Collected data
◇ ◇ ◇ ◇ ◇ ◇ ◇

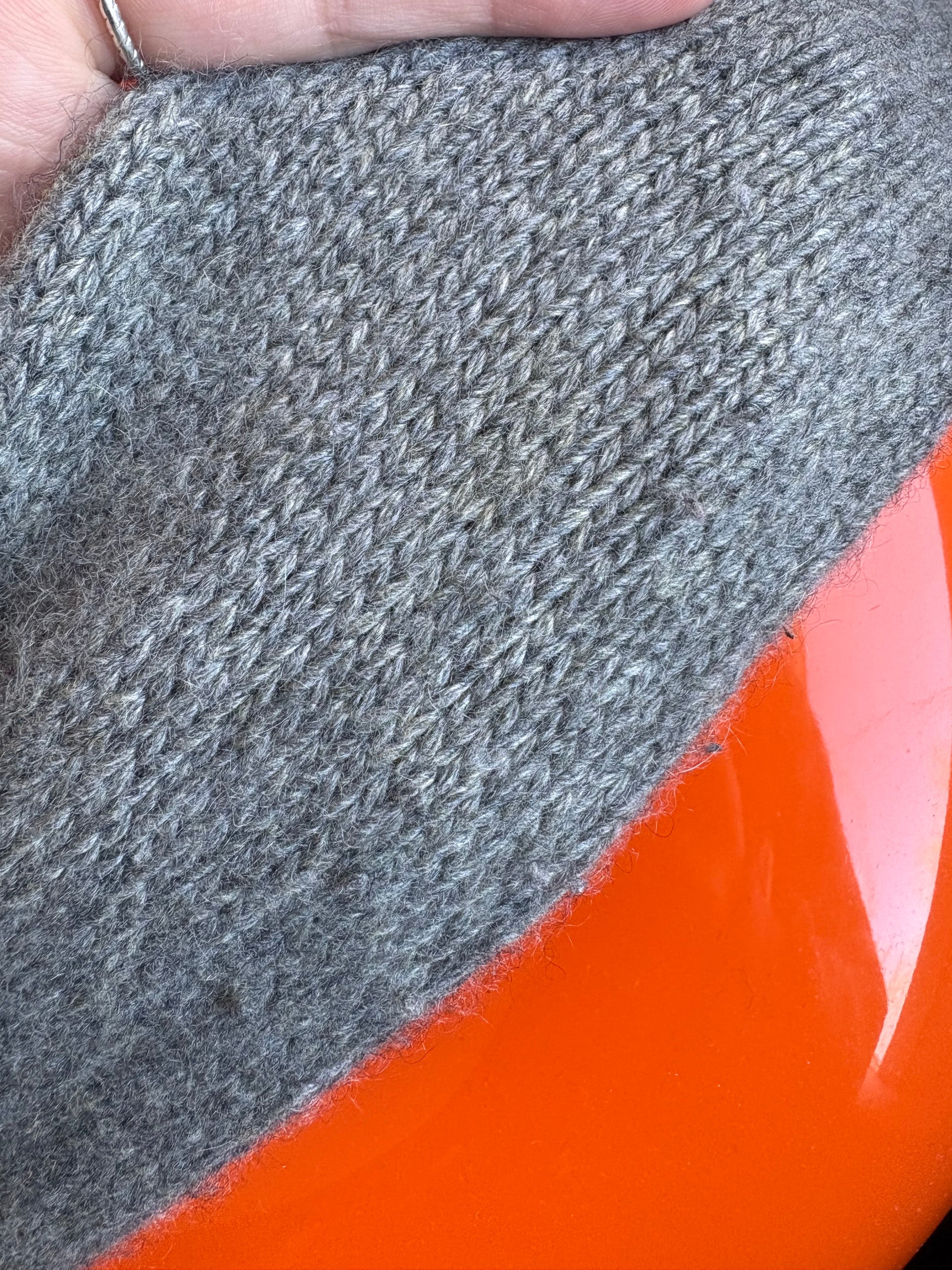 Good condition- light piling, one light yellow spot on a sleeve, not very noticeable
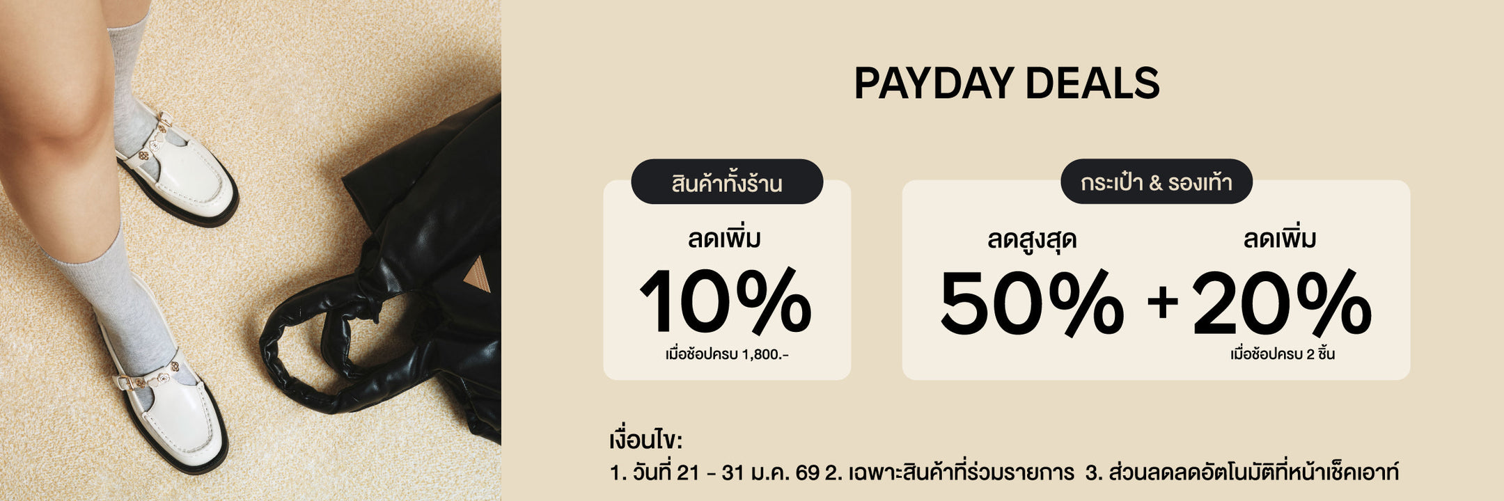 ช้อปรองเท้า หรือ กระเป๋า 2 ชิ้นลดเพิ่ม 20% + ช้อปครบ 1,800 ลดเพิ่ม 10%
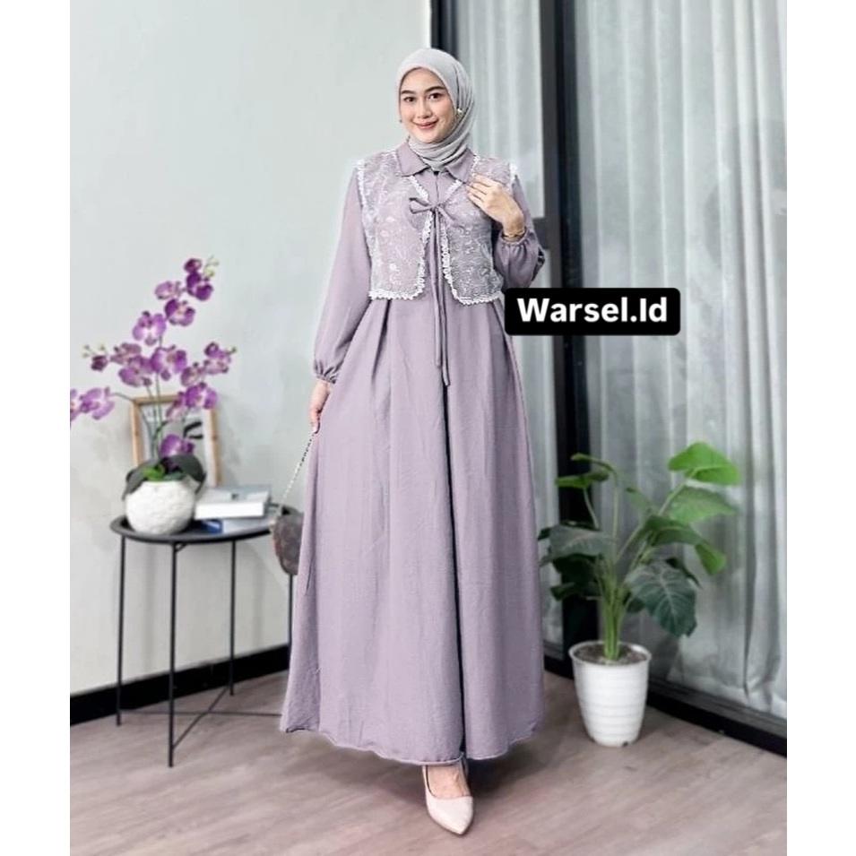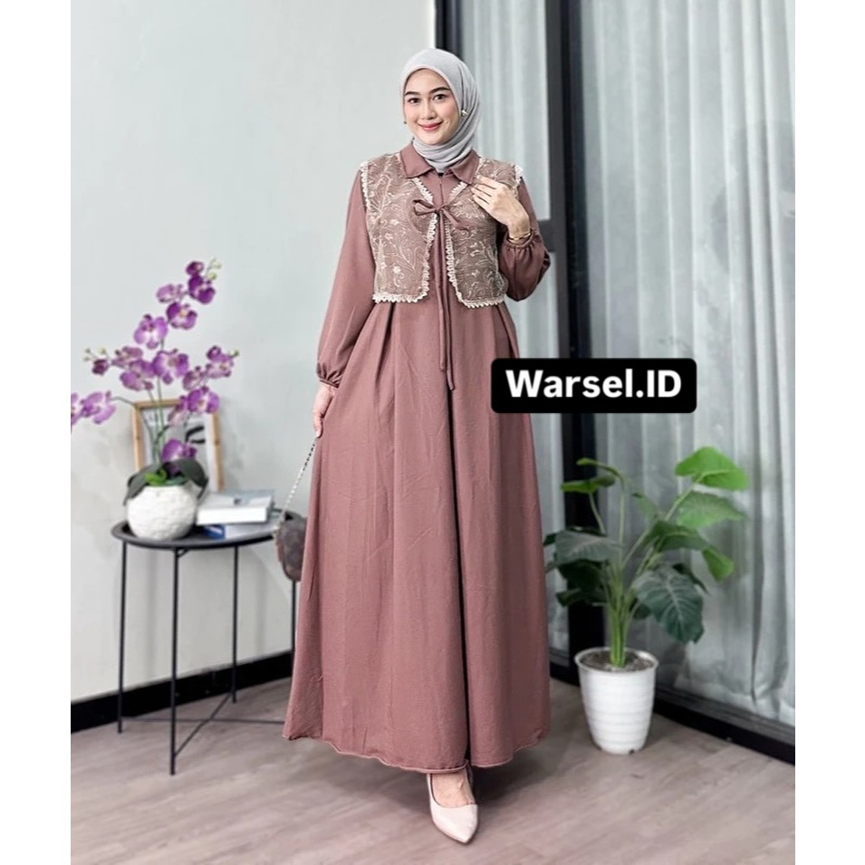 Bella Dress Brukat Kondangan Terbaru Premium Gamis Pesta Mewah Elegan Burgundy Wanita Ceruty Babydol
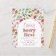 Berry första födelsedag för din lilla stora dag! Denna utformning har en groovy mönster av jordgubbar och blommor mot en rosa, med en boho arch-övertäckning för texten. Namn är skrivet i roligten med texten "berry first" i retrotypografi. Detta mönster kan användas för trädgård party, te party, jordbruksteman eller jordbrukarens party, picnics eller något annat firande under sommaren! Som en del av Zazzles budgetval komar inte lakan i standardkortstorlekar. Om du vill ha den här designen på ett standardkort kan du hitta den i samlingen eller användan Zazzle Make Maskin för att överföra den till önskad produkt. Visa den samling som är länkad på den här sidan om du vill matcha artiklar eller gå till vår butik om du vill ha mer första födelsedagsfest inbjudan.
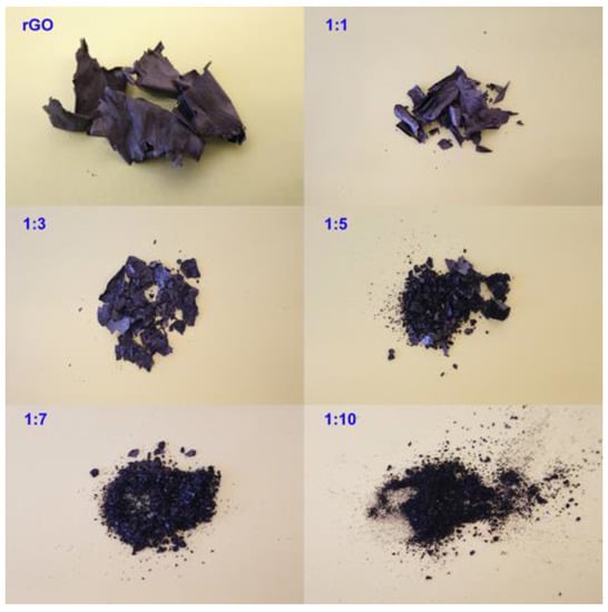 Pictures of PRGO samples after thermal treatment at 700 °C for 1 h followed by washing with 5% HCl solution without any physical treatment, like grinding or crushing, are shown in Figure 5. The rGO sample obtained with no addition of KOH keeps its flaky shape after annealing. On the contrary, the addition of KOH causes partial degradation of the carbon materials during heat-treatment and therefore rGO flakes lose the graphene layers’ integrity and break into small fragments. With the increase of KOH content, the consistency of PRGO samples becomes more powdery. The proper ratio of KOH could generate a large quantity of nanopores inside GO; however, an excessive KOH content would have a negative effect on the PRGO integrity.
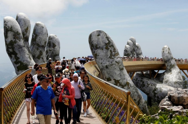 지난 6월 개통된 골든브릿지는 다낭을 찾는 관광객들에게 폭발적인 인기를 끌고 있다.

◇ ◇ ◇ ◇ ◇ ◇ ◇

### What you have to do
Give back exactly the lines from the first line of the data through the line with "Bella Dress Brukat", pictures excluded.

### Answer section
 Good condition- light piling, one light yellow spot on a sleeve, not very noticeable
 ช้อปรองเท้า หรือ กระเป๋า 2 ชิ้นลดเพิ่ม 20% + ช้อปครบ 1,800 ลดเพิ่ม 10%
 Bella Dress Brukat Kondangan Terbaru Premium Gamis Pesta Mewah Elegan Burgundy Wanita Ceruty Babydol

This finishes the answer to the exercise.